ST. GEORGE — The Saddle Fire in the Pine Valley Wilderness of the Dixie National Forest continues to rage on, increasing in size by nearly 100 acres Monday and now burning at 1,329 acres with five percent containment. Officials said backing fires have advanced the fire perimeter closer to the fuel breaks around Pine Valley.
Fire managers have scheduled a public meeting Monday evening to update the community on fire operations.
The Washington County Sheriff’s Office Monday is still asking residents and property owners to voluntarily evacuate the area given the risk and fast moving flames and to limit the number of people in the area threatened by fire.
Fire personnel have identified approximately 500 at-risk properties in the burn area.
Area closures in and around the Pine Valley area remain in effect on the Dixie National Forest. The Pine Valley Recreation Area also remains closed to all uses.
There are currently 675 firefighters and supporting resources assigned to the incident, fighting the lightning-caused fire day and night, the U.S. Forest Service said Monday.

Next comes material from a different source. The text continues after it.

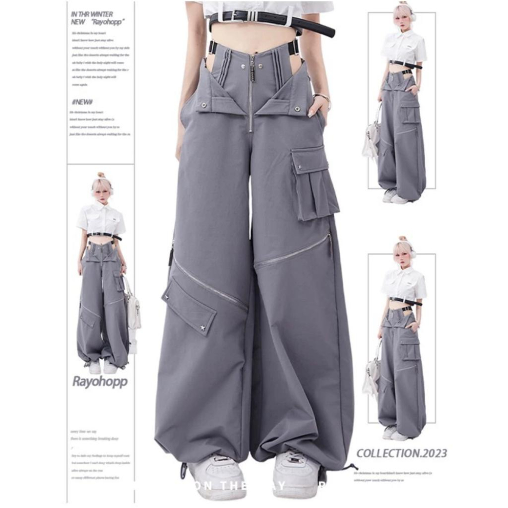 RM 預購 灰色 工裝褲 夏季 原創 復古 多拉鍊 口袋 兩穿 設計 抽繩 休閒褲 日常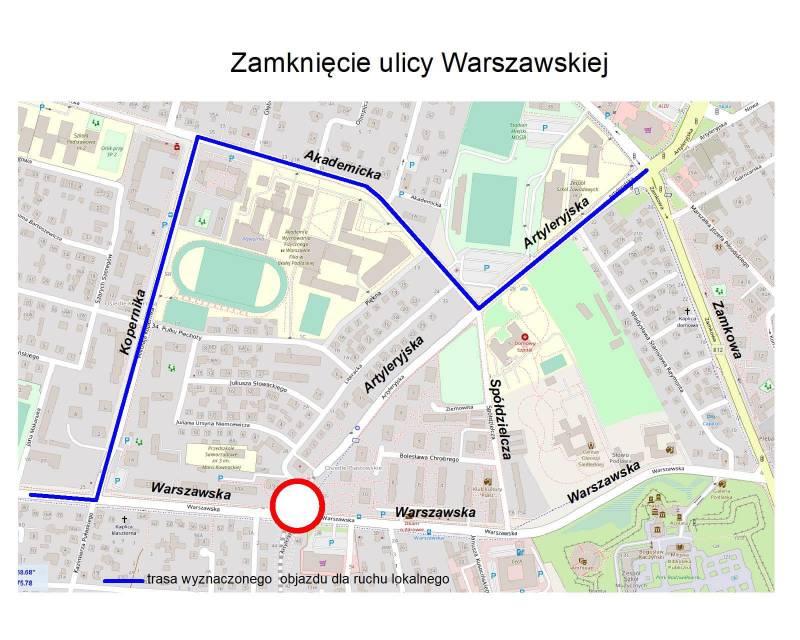 Objazd dla ruchu miejskiego będzie poprowadzony ulicami Kopernika, Akademicką, Artyleryjską, Zamkową.

The estimated cost to date for fighting the fire is $4.5 million.
Fire crews are using aerial ignition operations Monday to check the fire on the southeast side on the main ridge on the west of the avalanche chute in Forsyth Canyon, according to Forest Service officials. Air tankers and heavy helicopters have used more than 22,000 gallons of retardant and water to prevent the fire from moving onto the southern face of Saddle Mountain.
“While day crews improve fuel breaks and scout the terrain, night crews,” fire officials said, “including engines and hotshot crews patrol areas threatened by the fire, prepared to pick up spot fires and encroaching flames if needed.”
Incident Meteorologist Jeff Colton and his team prepared a weather balloon for launch Monday morning. According to the U.S. Forest Service, the balloon will measure temperature, relative humidity, wind speeds, wind direction and atmospheric pressure readings as it rises through the atmosphere.
“These measurements provide better accuracy for computer modeling to predict the weather over the Saddle Fire,” fire managers said. “Understanding what the local weather will do over a wildfire is critical to safety, long term planning, strategy, and tactics. Weather is one of the major factors that will predict how a wildfire will burn.”
With the fire burning in areas filled with unnecessary risk and hazards to firefighters, officials said Sunday, fire managers believe a significant moisture event is needed for multiple days to extinguish the blaze.
The National Weather Service issued a fire weather alert Sunday afternoon, forecasting thunderstorms and widely scattered showers over Southern Utah for Tuesday. According to the alert, however, the storm may produce gusty outflow winds and lightning, the combination of which could well fuel existing fires and contribute to new fire starts in the region.
The fire remains most active in the Lloyd and Forsyth canyons, burning mostly in the downed logs and underbrush in the conifer stands.
Fire growth will continue to the east, northeast and southeast in Lloyd Canyon with limited spread to the northwest and west, officials said. Areas with live, green oak and mahogany are limiting the spread of the fire.
Saddle Fire managers will hold a fire operations update meeting at 7 p.m. Monday at the Central Fire Station, 155 E. Center Street, Central.